If you look a tthe icon that says Army.ca at the top left of the page its snowing...awesome...very nice Mike..


----------



## armyrules (10 Dec 2004)

Great idea Mike awesome very nice


----------



## Jungle (10 Dec 2004)

Yeah, great...  : the forecast here is for 35 to 45 cm of snow over the next 18 hours.  
Just did my driver maintenance on the snowblower, everything's good to go !!!


----------



## Mike Bobbitt (10 Dec 2004)

Yep, I'm headed out to shovel my driveway, so it seemed appropriate. Wait until I put up the Christmas lights.


----------



## beach_bum (10 Dec 2004)

I have my tree up...lights up.....all I need now is snow!  sigh  I miss snow.     At least going home for the holidays....there should be snow!


----------



## Peace_Keeper (12 Dec 2004)

east NFLD is gonna have a mild winter......just enough snow to cover the ground and it jsut rained so I have no idea how much is left...but ready for Christmas none the less


----------



## Lexi (13 Dec 2004)

Beautiful job, Mike...

Well folks, it's safe to say the Hammer hasn't gotten much snow.
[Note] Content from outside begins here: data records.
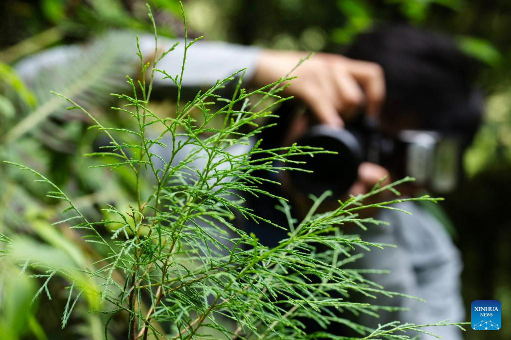 Wang Zi takes pictures of a Cupressus torulosa sapling at the national nature reserve of the Yarlung Zangbo Grand Canyon in Bome County, Nyingchi City, southwest China's Tibet Autonomous Region, June 15, 2023. The record of the tallest tree in the Chinese mainland has been refreshed several times in the past year or so. (Xinhua/Fei Maohua)
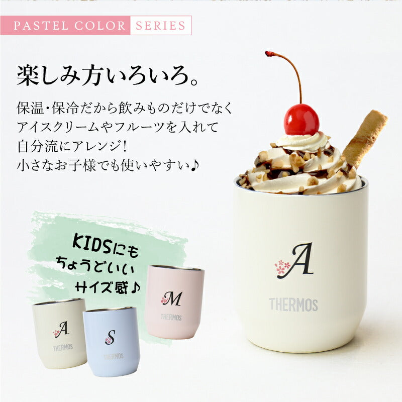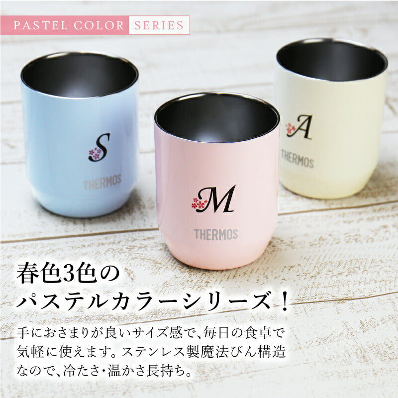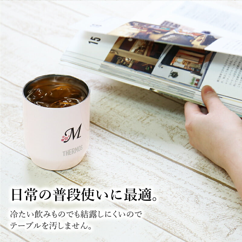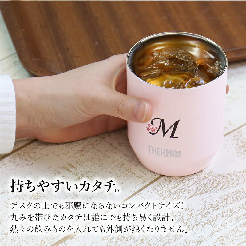 | 魔法びんのパイオニア、安心と信頼のサーモス製のタンブラーに、 当店大人気のSAKURAイニシャルデザインを施しました。 優しい色のパステルカラーとサクラのコラボレーションは、 女性への贈り物にピッタリ。 日本を象徴するさくら。 日本人の心に深く根ずく、 儚く美しいさくらをさりげなく施し、、 可憐な日本の女性らしさをイメージしました。 日本好きな外国の方へのギフトにも最適。 当店専属のデザイナーが制作したデザインなので、 他店ではお買い求めいただけません。 丈夫なステンレス製だから、割れない。 しかもコースター要らず! 結露が発生しないから机も手も濡れなくてとっても快適。 氷が溶けにくいから、味が薄まらないのも魅力。 オフィスや趣味の読書だってこのタンブラーなら余計な心配をせず好きな時に、 好きな場所でお楽しみいただけます。 もちろんホットにもアイスにも使えます。 ステンレス製魔法瓶構造だから外気の温度に影響されず 、 いつでも飲み頃温度をキープ。美味しさが長続きします。 飲み口が広いから飲みやすく大きな氷もらくらく入ります。 お酒を飲む方にもぴったりで大きすぎず、 丁度良いサイズですべすべとした質感が手になじんで使い心地抜群。 毎日の食卓でも気軽に使えます。 名入れタンブラーなら人が集まるシーンでも自分のタンブラーが一目瞭然! 割れなくて軽い丈夫なステンレスタンブラーはバーベキューやアウトドアにも大活躍します。 |
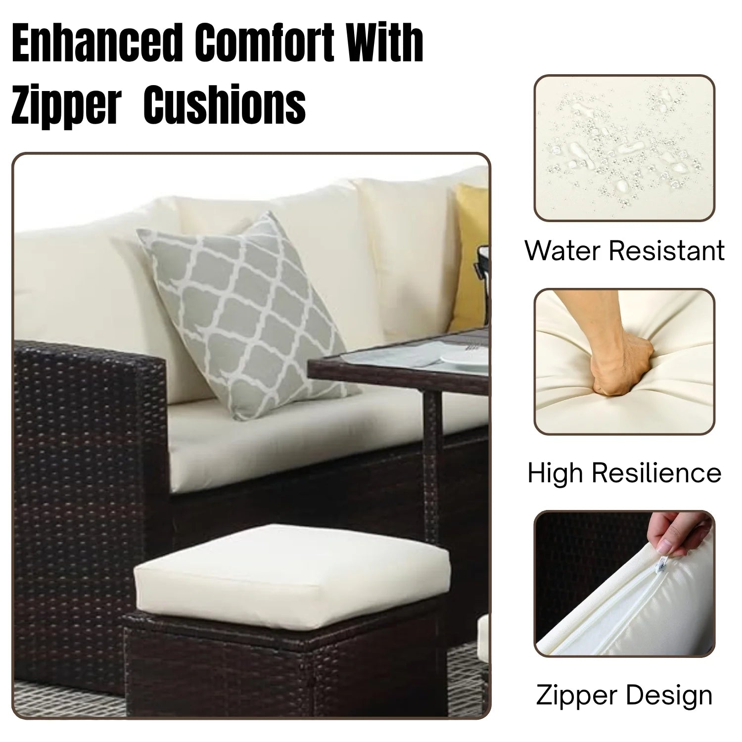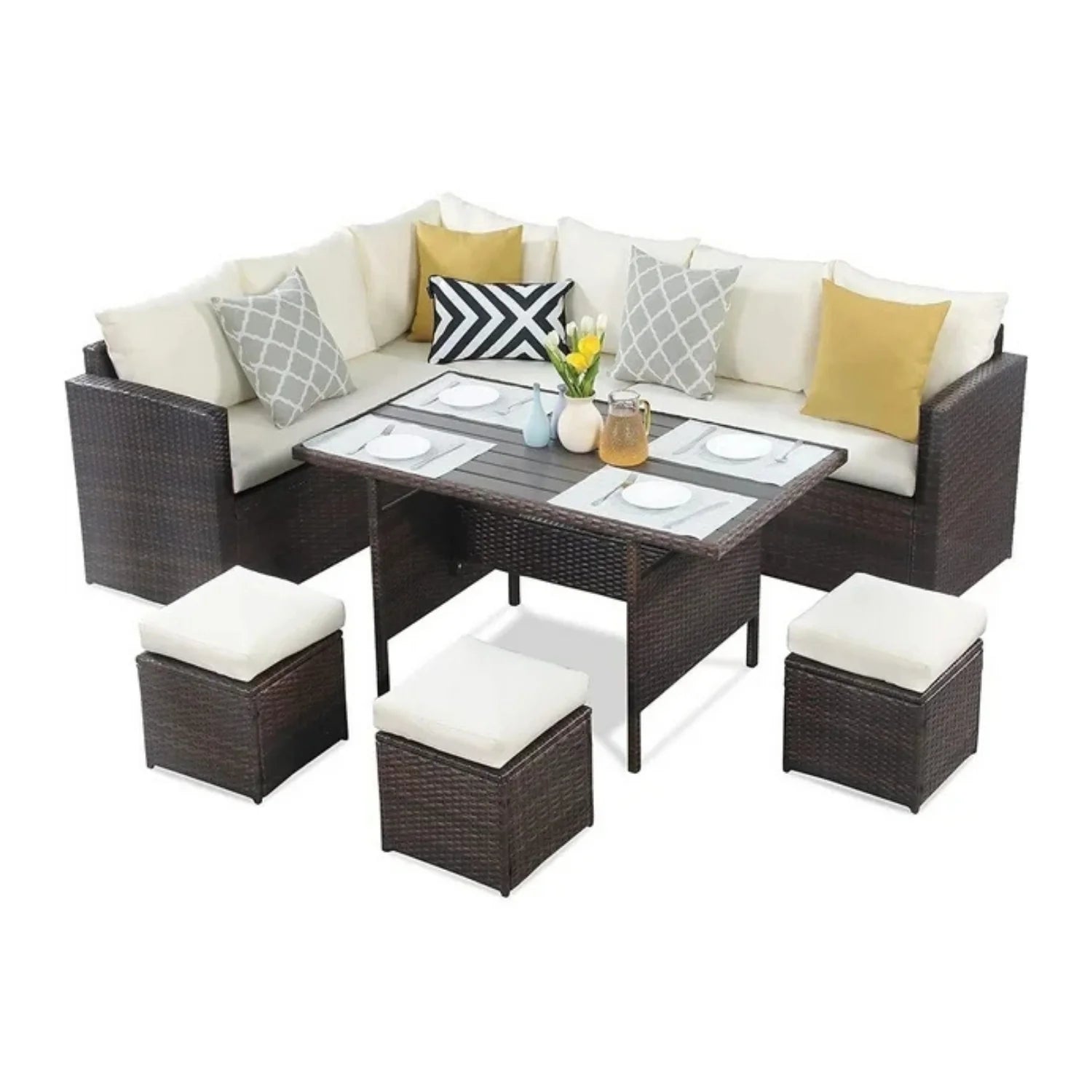 Raffaella 6-Pieces L-Shape Patio Rattan Dining Set

I'm afraid there may still be a green Christmas in store for those of us who dwell in the Hamilton region.  :crybaby:
Anyone wanna share their snow with the less fortunate..?  

Cheers,
Lex


----------



## aesop081 (13 Dec 2004)

I'm in winnipeg....you can have all our snow if you want...take the wind too !


----------



## Scratch_043 (13 Dec 2004)

Well Lexi, I am up here in Waterloo *Just north of, actually) and we have enough to go around, so if you like, I can see if I can get someone with a dump truck...... which house is yours??


----------



## Mike Bobbitt (14 Dec 2004)

Told you the lights would be going up soon.


----------



## Scratch_043 (14 Dec 2004)

Mike, love the Xmas lights, good job.

what did you use to program the blinking?


----------



## 48Highlander (14 Dec 2004)

It's called an animated gif.  Simple 2 frame animation.  There's plenty of freeware programs capable of doing it, just google it.


----------



## Burrows (14 Dec 2004)

Lights are cool


----------



## armyrules (14 Dec 2004)

Lights nice job!!


----------



## m_a_c (14 Dec 2004)

Good job, looks great...


----------



## aesop081 (14 Dec 2004)

Cant wait to see what you are going to do for new year's !!


----------



## Veterans son (18 Dec 2004)

The Army.ca logo looks great, Mike!
The lights and snow look really cool with the logo! 8)


----------